Bama was nearly equal on offense — 265 rushing yards, 264 passing.
Quarterback AJ McCarron was 20 of 28 and four touchdowns.
But the most brutal of the overwhelming barrage of Bama offensive figures were four — count ‘em, four — scoring drives of 80 yards or more, including a gut-punch of a 97-yarder. All six of the Tide’s scoring marches went 60+ yards.
That’s how Bama got itself a 35-0 lead and a walk-away 42-14 BCS Championship game win.
For its season, Notre Dame’s defense had allowed two drives of 60-or-more yards in 12 games.
“We tried to impose our will for 60 minutes. We wanted to start fast and we came out hot,” said Alabama tight end Michael Williams. “Things started rolling. They fought the whole game. But we were relentless.”
And once the floodgates started to open, it didn’t leave a lot of fight in the Fighting Irish.
“You always think you’re fighting to have a chance. I think the second half, when we kind of got down and buried,” said tackle Zack Martin.
The diagnosis for Alabama’s domination is obvious. There’s a cure waiting — in the weight room.
“We’ve got to get physically stronger, continue to close the gap (between Bama and Notre Dame) and just over all you need to see what it looks like,” coach Brian Kelly said. “Our guys clearly know what it looks like.

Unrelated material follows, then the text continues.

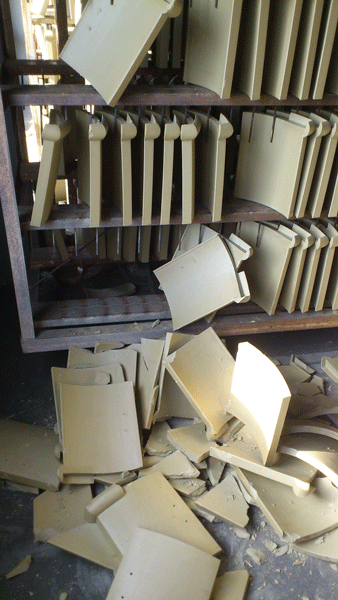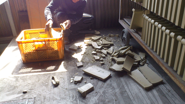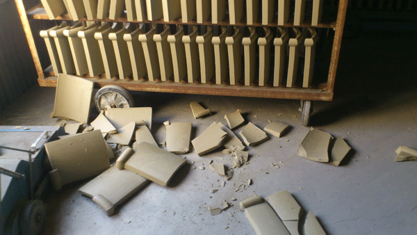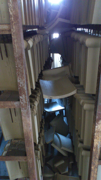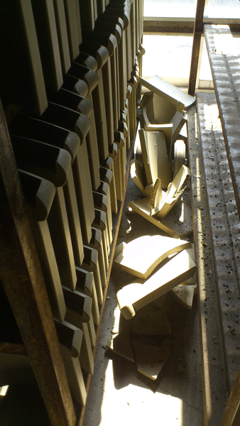 二階の台車に載せてある白地が結構揺れ落ちていました。
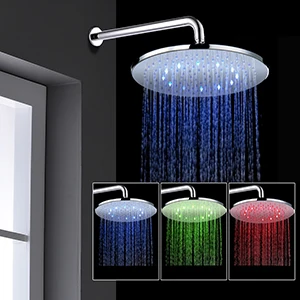 * Romantic LED Rain Shower Head 3 color of the LED changes automatically with the water temperature. No Battery required, safe to use, powered anti-clogging silicone jets maximizes water pressure.

“When I say, ‘Know what it looks like,’ a championship team. They’re back-to-back champs. So that’s what it looks like. Measure yourself against that and I think it’s pretty clear across the board what we have to do.”

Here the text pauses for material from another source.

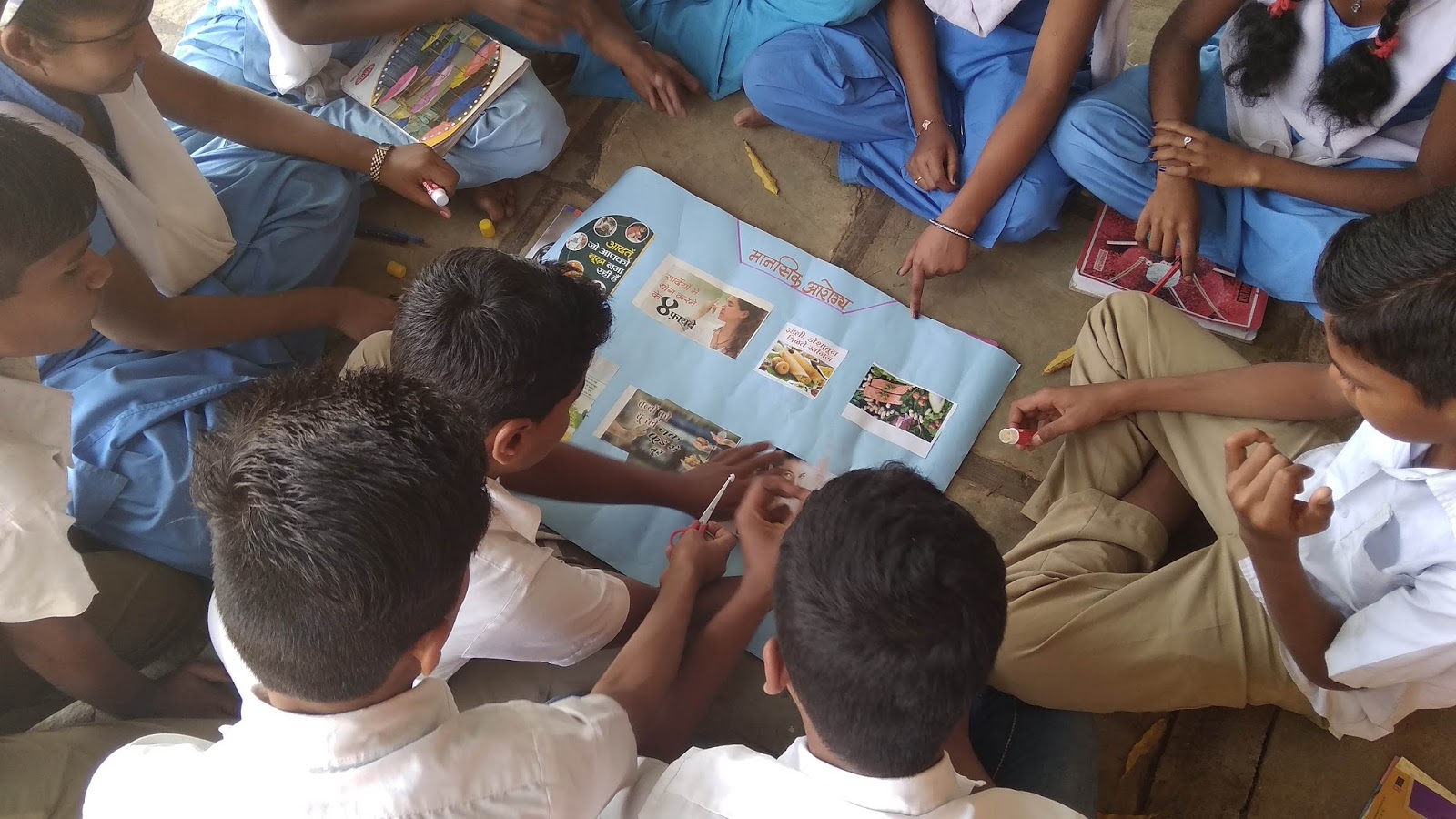 group activity करताना शाळेचे विद्यार्थी

Television replays appeared to show Notre Dame should have, A) not been flagged for a first-quarter penalty for interfering with an Alabama punt returner fielding the ball; and B) been awarded the ball when Zeke Motta popped out of scrum with the muff.
The fair-catch call — or lackthereof — was hardly a deciding factor in Notre Dame’s loss, but it was one of many factors which went the wrong way for the Irish.
“Said we ran into a fair catch. What I disputed was the validity of the fair catch. I thought it was an invalid fair-catch signal,” Kelly said. “That would have been a nice play to go our way early in the game.”
Notre Dame’s loss to Bama dropped the Irish to No.4 in the final Associated Press rankings. The Crimson Tide, Oregon and Ohio State, which finished unbeaten, but did not play in a bowl because of NCAA sanctions, went 1-2-3.